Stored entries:
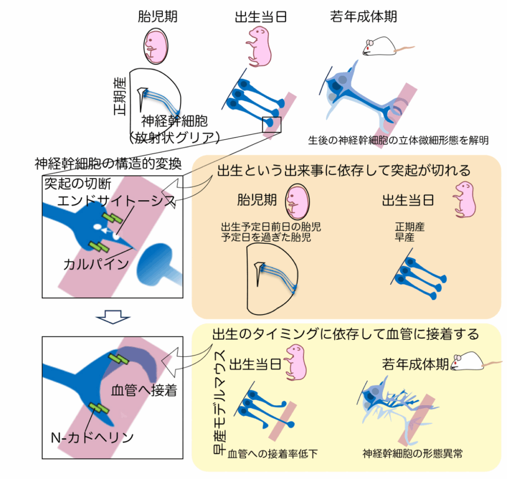 胎児期と成体の神経幹細胞は、形態が大きく異なります。これまで、成体の神経幹細胞が長期にわたって幹細胞性を維持するためには、近傍の血管への接着が重要であることが示されてきました。一方で、胎児期の神経幹細胞がいつ・どのようにして成体型へと構造的に変化するのかについてはこれまで不明でした。魚類では神経幹細胞が成体になっても胎児期とよく似た形態を保つことが知られています。そこで私たちは、胎児が水中である子宮内から空気中の環境へと移行する「出生」というイベントが、神経幹細胞の構造的変換のトリガーとなるのではないかと考え、本研究を行いました。
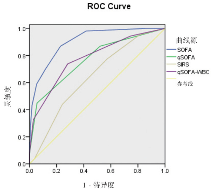 急诊室是医院收治患者的前沿窗口,收治的患者包括各种部位的感染。重症感染可导致危及生命的器官功能障碍[1-2]。在繁忙的急诊室,非特异的临床表现往往导致病情被低估。寻找对急诊室感染患者早期诊断、病情评估的有效评分系统[3],有助于急诊室医生采取有效及时合理的治疗,改善患者的预后[4-5]。合适的评分系统一方面不能将预后不良的严重感染在急门诊漏诊,即需要评价指标的灵敏度高;另一方面应是简单易操作,并且不能太过宽松即特异度不能太低。本研究的意义在于将白细胞异常纳入qSOFA评分,构成qSOFA-WBC评分系统;将其于SOFA评分、qSOFA评分、SIRS标准进行对比,探讨它们对急诊感染患者预后的预测作用。
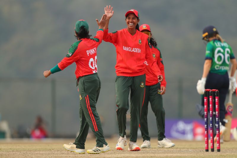 Bangladesh celebrate as Gaby Lewis departs. (ICC)
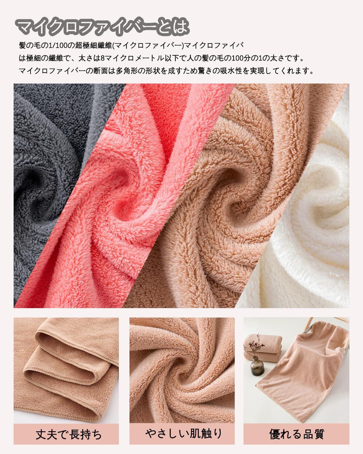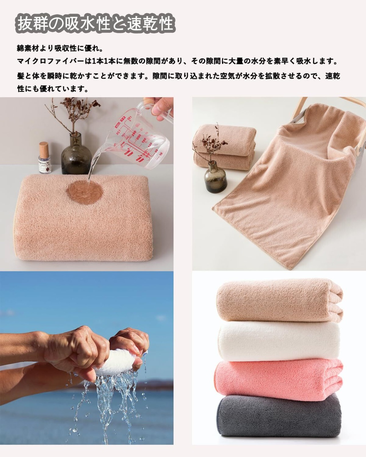 【抜群の吸水性と速乾性】綿の素材より吸水性が優れます。マイクロファイバー素材の表面は数えられない隙間があり、その隙間に大量の水分を素早い吸水できます。髪や肌にそっと当てるだけで水分が吸収される素材であり、また汚れも落としやすい特徴があります。隙間に取り込まれた空気が水分を拡散させるので、速乾性のポイントで、バスタオルの雑菌を抑え、健康を保つことができます。
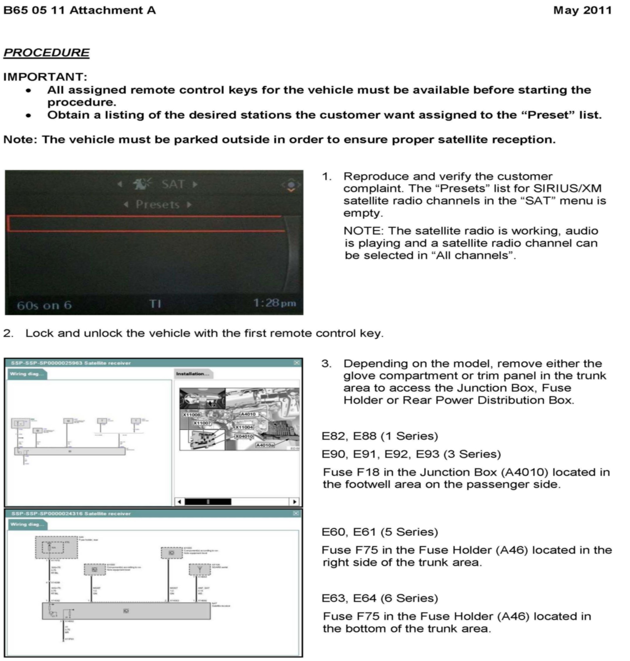 All vehicles equipped with option 609 Navigation System Professional, CCC) and option 655 (Satellite Radio)
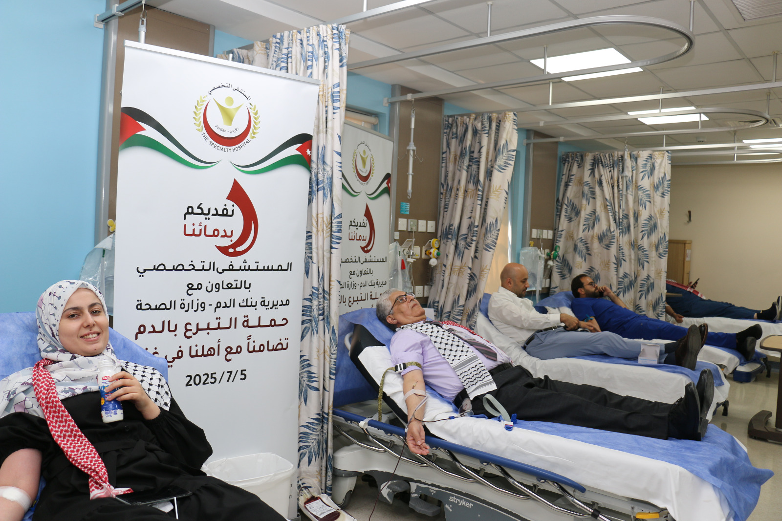 انطلقت في المستشفى التخصصي، امس،، حملة تبرع بالدم تحت شعار «نفديكم بدمائنا»، دعمًا للأهل في قطاع غزة.ونُظمت الحملة بالتعاون بين المستشفى التخصصي، ومديرية بنك الدم في وزارة الصحة، والخدمات الطبية الملكية، وتهدف إلى جمع أكبر عدد ممكن من وحدات الدم لتعويض النقص الشديد في القطاع، في وقت أصبح فيه وجود متبرعين في غزة شبه مستحيل، بسبب سوء التغذية الذي يعاني منه سكان القطاع نتيجة الحصار الجائر، ومنع دخول المساعدات الغذائية والطبية.وشهدت الحملة توافدا شعبيا كبيرا لاسيما من فئة الشباب.وقال رئيس جمعية المستشفيات الخاصة، ومدير عام المستشفى التخصصي، الدكتور فوزي الحموري، إن هذه المبادرة الإنسانية والوطنية تأتي امتدادًا لمواقف الأردن الثابتة، بقيادة جلالة الملك عبدالله الثاني، في نصرة الشعب الفلسطيني وقضيته العادلة، وتخفيفًا لمعاناة أهل غزة، وتضامنًا معهم في ظل الحصار الخانق والنقص الحاد في وحدات الدم، ما يجعل التبرع اليوم أكثر من مجرد واجب، بل رسالة حياة. واشار لـ» الدستور» ان مستشفيات قطاع غزة متهالكة جدا بسبب نقص المستلزمات والاودية وكل مقومات إدارة المستشفيات التي تحتاج إلى 3 الاف وحدة دم في ظل الإصابات الكبيرة والخطيرة ولا توجد إمكانيات لفتح المجال أمام أهالي القطاع بسبب الظروف وما يعانونه من سوء التغذية أو ندرة الغذاء.واضاف ان هذه الحملة هي عنوان لاختلاط دمائنا مع اشقائنا في القطاع ، مثمنا مشاركة أبناء وبنات الوطن في الحملة، مشيدًا بروح العطاء التي لطالما ميّزت الأردنيين في كل موقف إنساني.من جانبه قال شكر مدير مديرية بنك الدم الدكتور علاء سلامة المجتمع المحلي والمستشفى التخصصي الذي عمل على تهيئة العملية التنظيمية لهذه الحملة.

**Required work**
Transcribe the entries above exactly, from their first line through the line with "All vehicles equipped", and omit all pictures.

**Expected answer**
 胎児期と成体の神経幹細胞は、形態が大きく異なります。これまで、成体の神経幹細胞が長期にわたって幹細胞性を維持するためには、近傍の血管への接着が重要であることが示されてきました。一方で、胎児期の神経幹細胞がいつ・どのようにして成体型へと構造的に変化するのかについてはこれまで不明でした。魚類では神経幹細胞が成体になっても胎児期とよく似た形態を保つことが知られています。そこで私たちは、胎児が水中である子宮内から空気中の環境へと移行する「出生」というイベントが、神経幹細胞の構造的変換のトリガーとなるのではないかと考え、本研究を行いました。
 急诊室是医院收治患者的前沿窗口,收治的患者包括各种部位的感染。重症感染可导致危及生命的器官功能障碍[1-2]。在繁忙的急诊室,非特异的临床表现往往导致病情被低估。寻找对急诊室感染患者早期诊断、病情评估的有效评分系统[3],有助于急诊室医生采取有效及时合理的治疗,改善患者的预后[4-5]。合适的评分系统一方面不能将预后不良的严重感染在急门诊漏诊,即需要评价指标的灵敏度高;另一方面应是简单易操作,并且不能太过宽松即特异度不能太低。本研究的意义在于将白细胞异常纳入qSOFA评分,构成qSOFA-WBC评分系统;将其于SOFA评分、qSOFA评分、SIRS标准进行对比,探讨它们对急诊感染患者预后的预测作用。
 Bangladesh celebrate as Gaby Lewis departs. (ICC)
 【抜群の吸水性と速乾性】綿の素材より吸水性が優れます。マイクロファイバー素材の表面は数えられない隙間があり、その隙間に大量の水分を素早い吸水できます。髪や肌にそっと当てるだけで水分が吸収される素材であり、また汚れも落としやすい特徴があります。隙間に取り込まれた空気が水分を拡散させるので、速乾性のポイントで、バスタオルの雑菌を抑え、健康を保つことができます。
 All vehicles equipped with option 609 Navigation System Professional, CCC) and option 655 (Satellite Radio)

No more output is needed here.